Выбрать главу

Эта народная песня показывает глубокую и постоянную веру в то, что ход исторических событий определяет прежде всего духовное, а не материальное, примат коего евреи с помощью Маркса подбросили христианскому миру.

Известна ли классовая борьба нашему зрячему и Богом вдохновенному народу? Ибо, если классовая борьба — закон человеческой жизни, тогда наш зрячий народ должен был видеть это и говорить об этом. Но он нигде не говорит об этом как о нормальном явлении. Напротив, когда он описывает в эпических песнях свою аристократию, он восторгается ее богатством, ее красотой, гордится ее силой, храбростью и мудростью. И только однажды осуждает властелу:

“Великаши, проклятые души”.

Лишь однажды посылает ей свое проклятье — когда правящий класс охватила кровавая междоусобица, которая и привела к гибели сербское царство.

Когда бы народ видел здесь классовую борьбу, он бы ненавидел свою властелу, потирал руки и радовался, глядя на ее самоистребление. Ведь раз господствующий класс враг, значит, и раздоры в его рядах народу только на руку, значит, они обязательно принесут ему счастье и благоденствие.

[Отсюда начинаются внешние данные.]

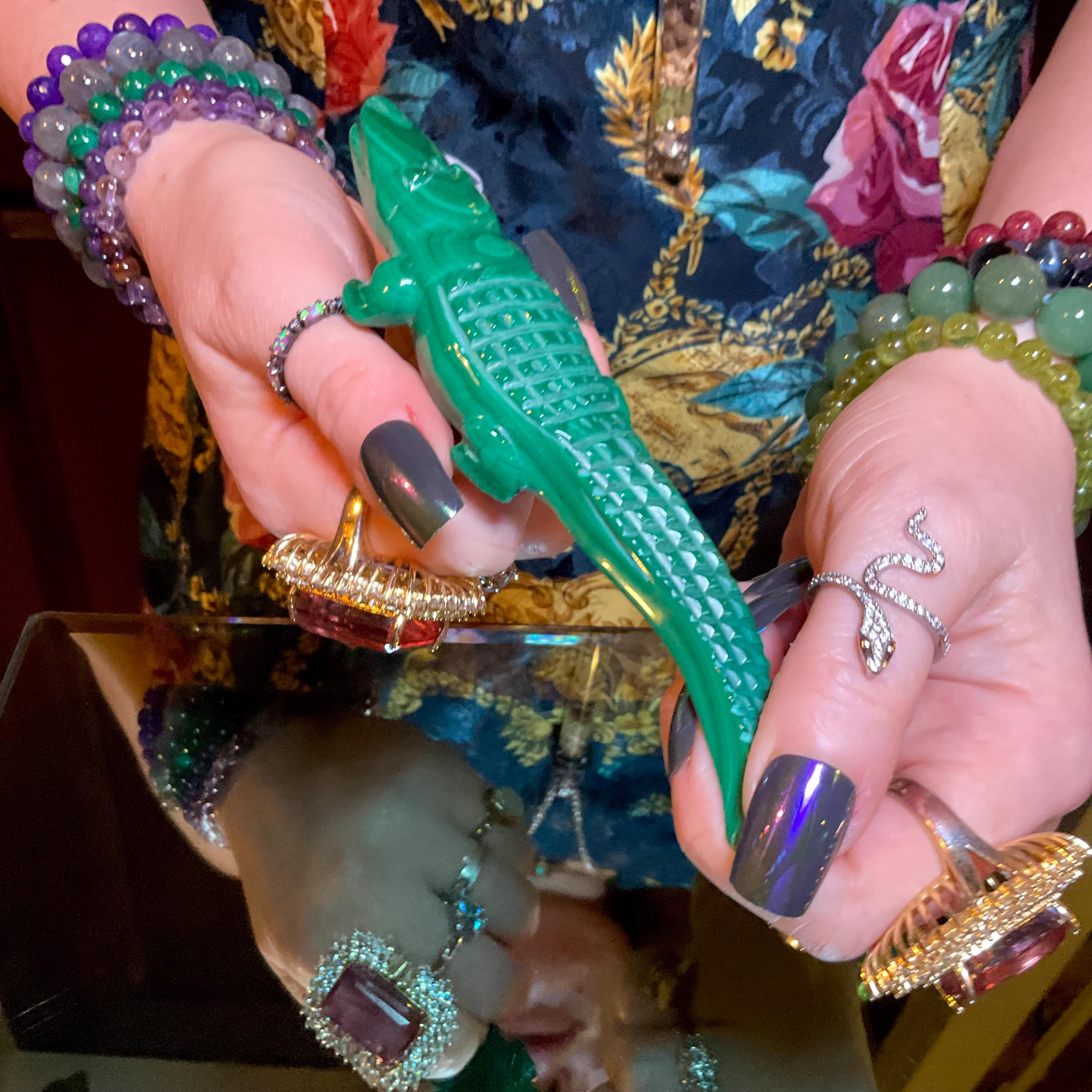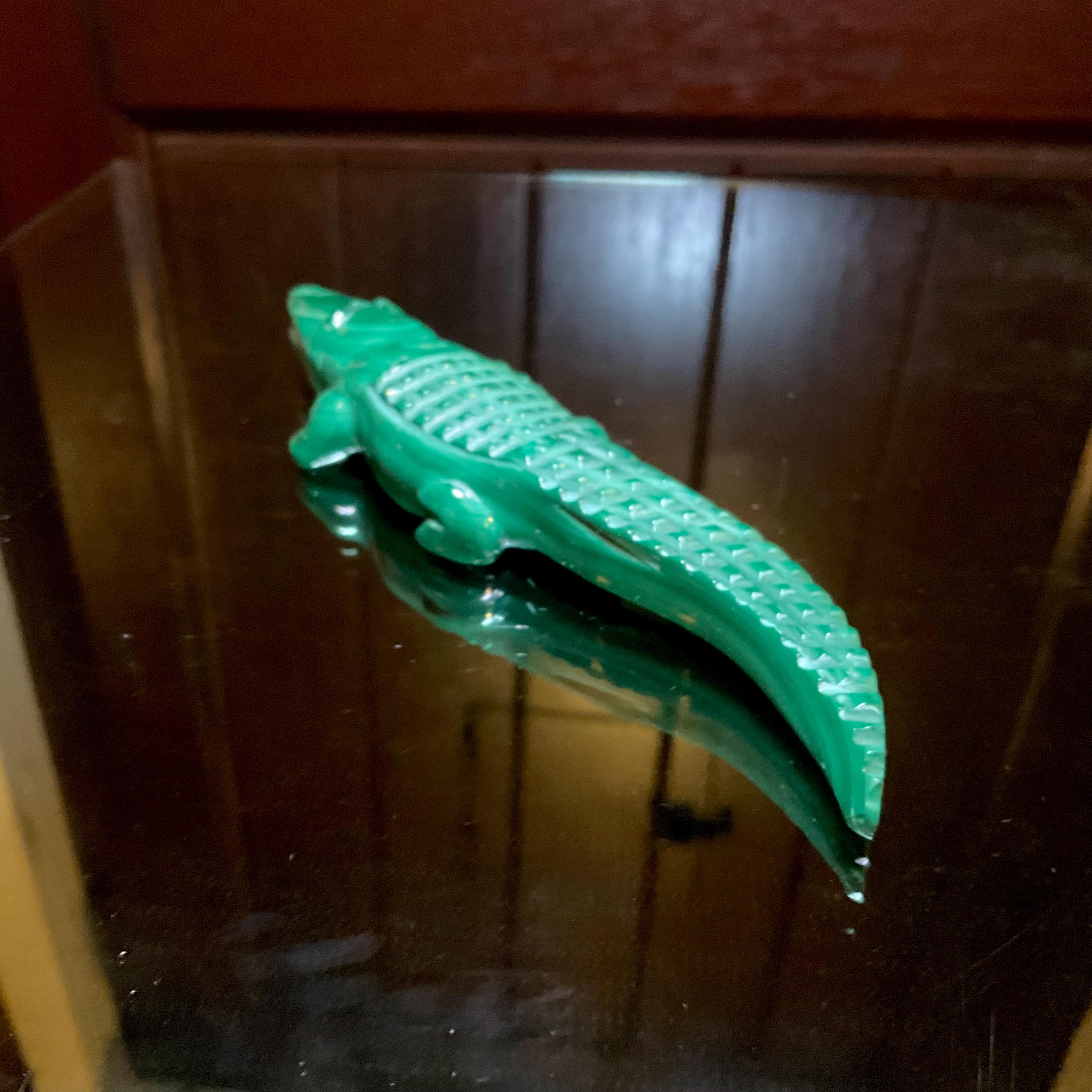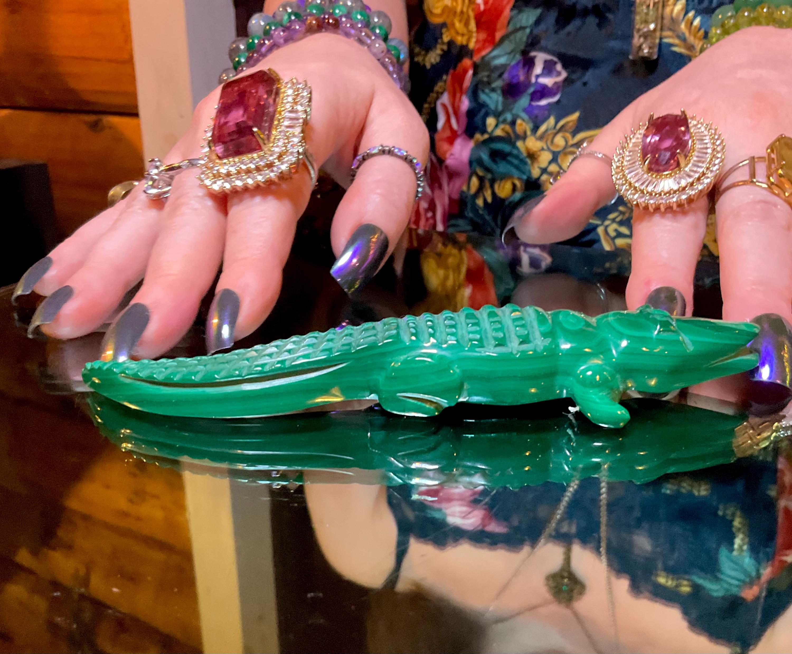 This is a one-of-a-kind carved Malachite Alligator.
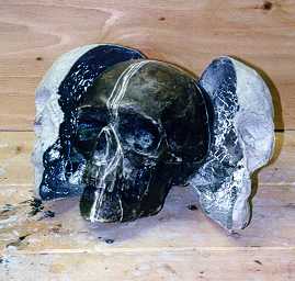 covering it to form. After dry, cut in half and remove skull. Tape skull back together,

Итак, нашему народному духу не отвечает ни атеизм, ни материализм, ни классовая борьба. Следовательно, они не могут отвечать и духу, природе и исторической традиции русского народа.

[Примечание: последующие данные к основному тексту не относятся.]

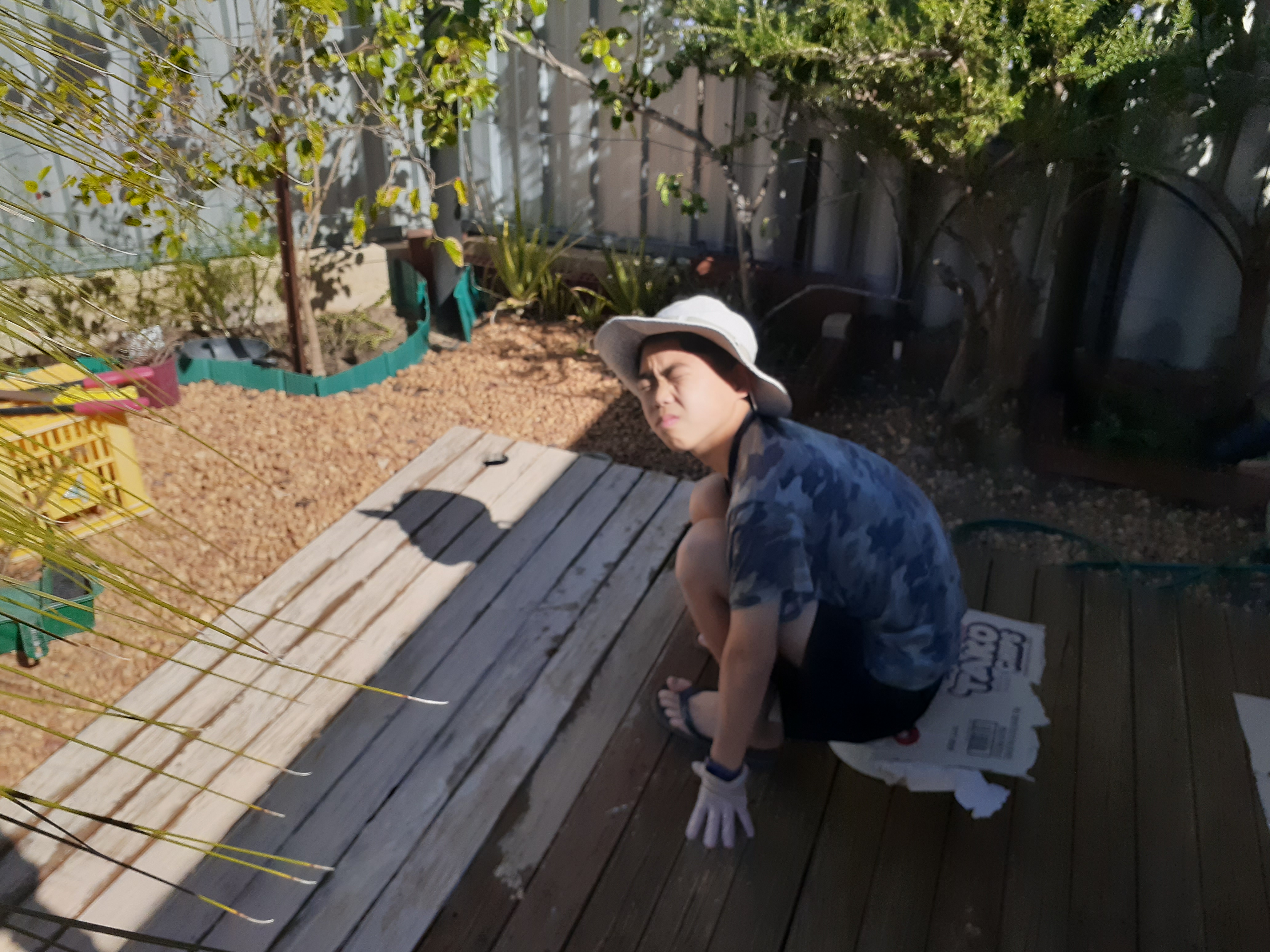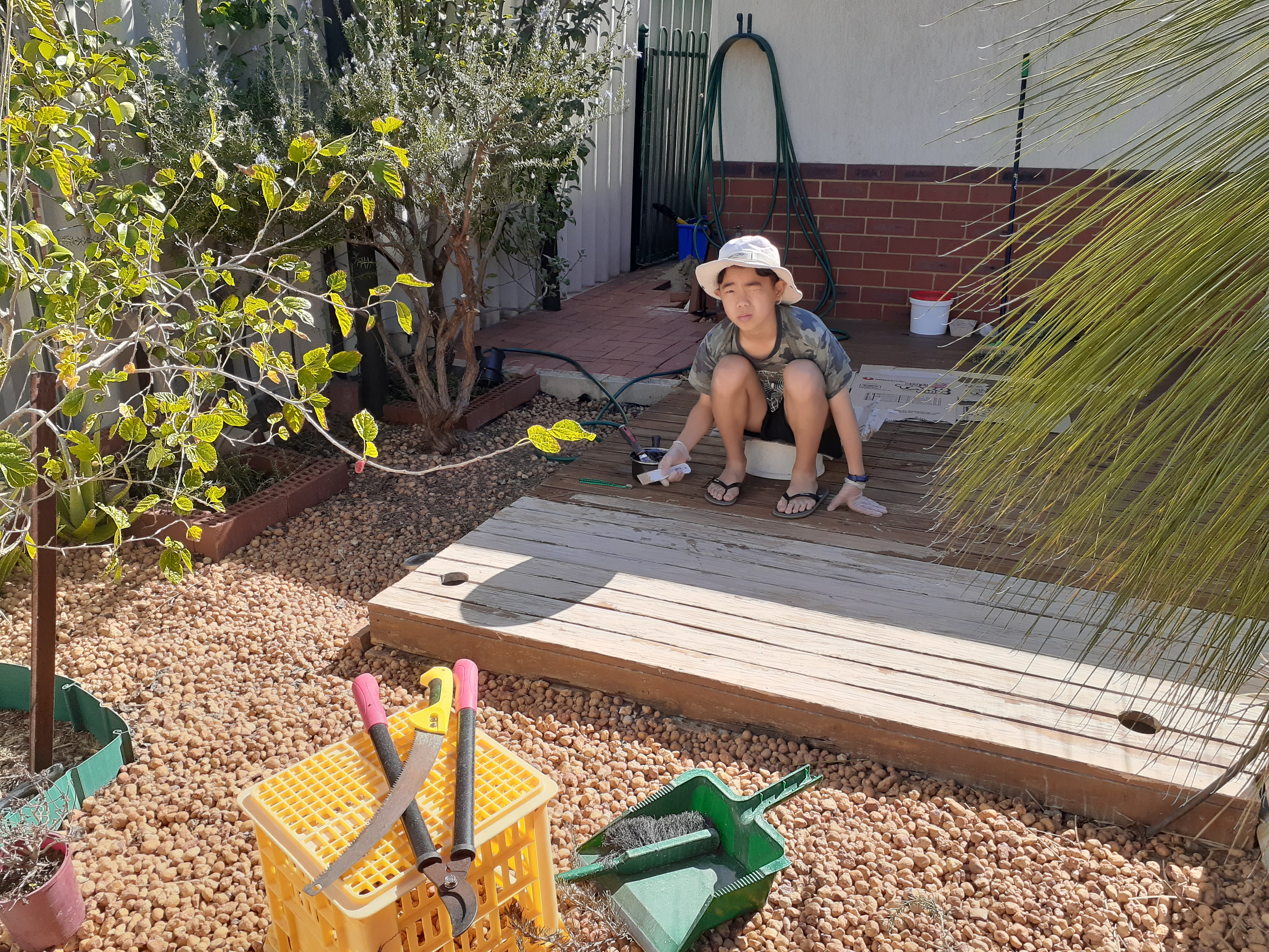 재현아빠 도와서 앞마당 데크 갭 메우기.

Таким образом мы доказали не только то, что исторически русская революция пришла из-за кордона, беспрепятственно пропущенная врагом России и развернувшаяся на еврейские деньги и с помощью еврейской организации, но и то, что сама мысль, которую она возвела на пьедестал по природе своей глубоко чужда духу русского народа. Это Совдепия. Это не Россия.

Многим это не нравится. Они хотели бы, чтобы я и после 1917 года называл Россию Россией. Но я не могу. По трем основным причинам.

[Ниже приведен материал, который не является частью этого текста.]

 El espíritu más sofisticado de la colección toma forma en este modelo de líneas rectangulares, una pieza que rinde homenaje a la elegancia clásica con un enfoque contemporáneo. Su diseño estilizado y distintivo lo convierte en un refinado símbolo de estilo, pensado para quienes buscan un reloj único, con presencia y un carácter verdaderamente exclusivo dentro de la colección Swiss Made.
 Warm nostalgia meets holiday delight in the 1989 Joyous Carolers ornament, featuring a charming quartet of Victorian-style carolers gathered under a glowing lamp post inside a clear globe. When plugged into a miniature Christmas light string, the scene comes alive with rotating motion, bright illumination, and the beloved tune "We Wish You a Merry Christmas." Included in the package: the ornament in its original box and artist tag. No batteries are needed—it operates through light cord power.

Первая: она сама не зовет себя так. Я не знаю, что заставило Сталина и компанию назвать свое детище СССР (Союз Советских Социалистических республик). Ни в одном из четырех слов нет и намека на хоть какую-то географическую или национальную реальность. Но у них, видно, была-таки некая причина. В цивилизованном же обществе принято называть кого-то третьего так, как он сам себя зовет, а не каким-либо другим именем. Обычно люди считают за оскорбление, когда их называют не так, как они зовут себя сами.

Вторая причина: Россия и русский народ порабощены инородными идеями и инородной организацией, о чем мы уже говорили.

Кто-то скажет: пусть бы и так! Ваше право. Но там, на севере, — великая русская земля и великий русский народ. Эту землю я должен называть Россией.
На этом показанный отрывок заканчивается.